Distributed computing is a term that describes the simultaneous use of many computing nodes to process very large datasets, or to perform very large-scale computations.

Computer clusters and grids

Typically, distributed computing involves computer clusters that are built out of standard off-the-shelf compute nodes (usually Linux servers). These nodes each have their own processors, primary memory (RAM), and stable storage (disk). The compute nodes communicate with each other using standard computer networking protocols such as Ethernet.

A typical compute cluster has a cluster manager and multiple (10’s-1000’s) of worker nodes. The role of the cluster manager is to manage the loads on the worker nodes. A distributed computation must request access to worker nodes from the cluster manager, and should only utilize worker nodes to which it has been granted access.

A grid computing system, like a cluster, consists of many computers working together. The term “grid” usually refers to a collection of computers with possibly different hardware and operating system configurations, that are possibly not-colocated, whereas a cluster usually refers to a homogeneous colleciton of nodes housed in a single location.

Programming models for distributed computing

Spark is a framework for cluster computing originally developed at UC Berkeley and currently managed by the Apache Software Foundation. Spark is one of the two most well-known cluster computing frameworks, the other being Hadoop. Spark is focused on calculations that are performed in-memory, whereas Hadoop makes much heavier use of disk storage.

The key idea of distributed computing with Spark or Hadoop is that a computation is split into pieces that can be run independently on multiple computing nodes. The driver program initiates the computation. It receives permission form the cluster manager to launch executor process on worker nodes. Each executor process completes one part of the computation. The result of each executor process is then communicated back to the driver process, which integrates the results and makes them available to the user.

Cluster computing frameworks are built to accommodate node failures (e.g. hardware or network failures). If a node fails the computation can continue, using other nodes to take the place of the failed nodes. This process will be transparent to the application in most cases.

RDDs

The central idea in Spark is the Resilient Distributed Dataset, or “RDD”. This is a dataset that is stored in memory across multiple nodes. It is stored redundantly so that if any node goes down, the RDD can be recovered. RDD’s are immutable (or read-only), meaning that they cannot be changed after being created (this is important for performance reasons).

A RDD is an ordered collection of records which are split into partitions. The partitions may be stored on different machines. Since an RDD is read-only, there is no need to synchronize changes to the RDD within or across machines.

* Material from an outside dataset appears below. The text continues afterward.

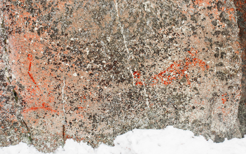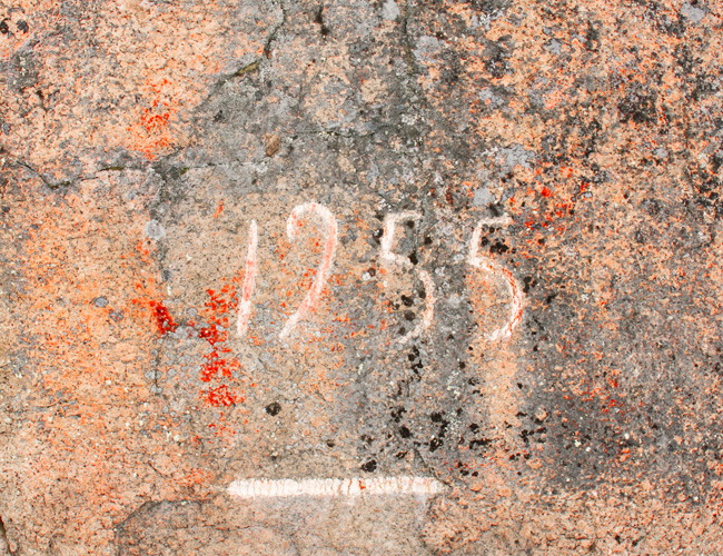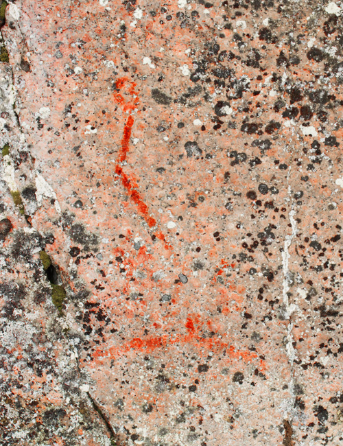 Edempänä oikealla kallioon on merkitty valkoisella vaakaviivalla vedenkorkeus ja vuosiluku 1955. Merkinnän ympärillä on myös selvää punaväriä, josta ei kuitenkaan pysty tunnistamaan varmoja kuvioita. Sen sijaan maalauskohdan yläpuolella, noin 3,5 metrin korkeudella on kulunut, mutta silti selvä venekuva, johon on maalattu yhdeksän miehistöviivaa.
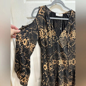 This is a listing for a preowned tags still attached, Amanda Uprichard Tan Black Snake Skin Print Dress Shoulder Cut Out Size Small . Great condition, approximate measurements in photos. Cold shoulder cutout, gathered sleeve hem. Please see all photos for details as they are part of the description.

A RDD is created in three main ways:

By processing data in stable storage (i.e. a file system). This usually involves reading a file such that the rows of the file become the records of the RDD.
By parallelizing a “collection” in the language of your program (Python, R, Scala, …). For example, a Python list of lists [[1, 3], [2, 1], [5, 5]] could be parallelized into an RDD with three records, each of which is a list containing two values.
By operating on other RDDs using transformations. For example, a transformation could be to select the values in another RDD that satisfy a certain condition.

Most RDD’s will result from either a load from file storage, or the parallelization of an existing collection, followed by application of multiple transformations. A RDD is formally defined through the steps that are used to create it. Thus an RDD can always be recreated through knowledge of these steps. RDD’s are constructed lazily, meaning that the steps that define the RDD are not actually executed until the RDD is needed to perform a computation, and even then only the part of the RDD that is needed is created.

To make use of an RDD, the program applies an action to it. Most actions return a result to the driver application. An action could be something simple such as summing the numbers in an RDD, or counting the elements of an RDD that meet a certain condition. By combining multiple actions, complex tasks such as fitting a logistic regression model to data in a RDD can be preformed.

The Spark framework

The Spark framework consists of several components that are written largely in Scala and Java. The term “Spark” itself refers to the specification for the format and behavior of RDDs, and to a set of tools that have been implemented for manipulating RDDs. Programs using the Spark framework can be written in a variety of languages. There is an R interface to Spark, but the examples below use the Python interface to Spark. However they do not use any advanced Python language features. The PySpark API is modeled on the Scala Spark API, which is the native and most mature Spark API.

Example: counting lines in a file

Below we develop a PySpark program to count the lines in a GHCN file that are TMAX or TMIN records. We will develop this program line-by-line, then show the whole program.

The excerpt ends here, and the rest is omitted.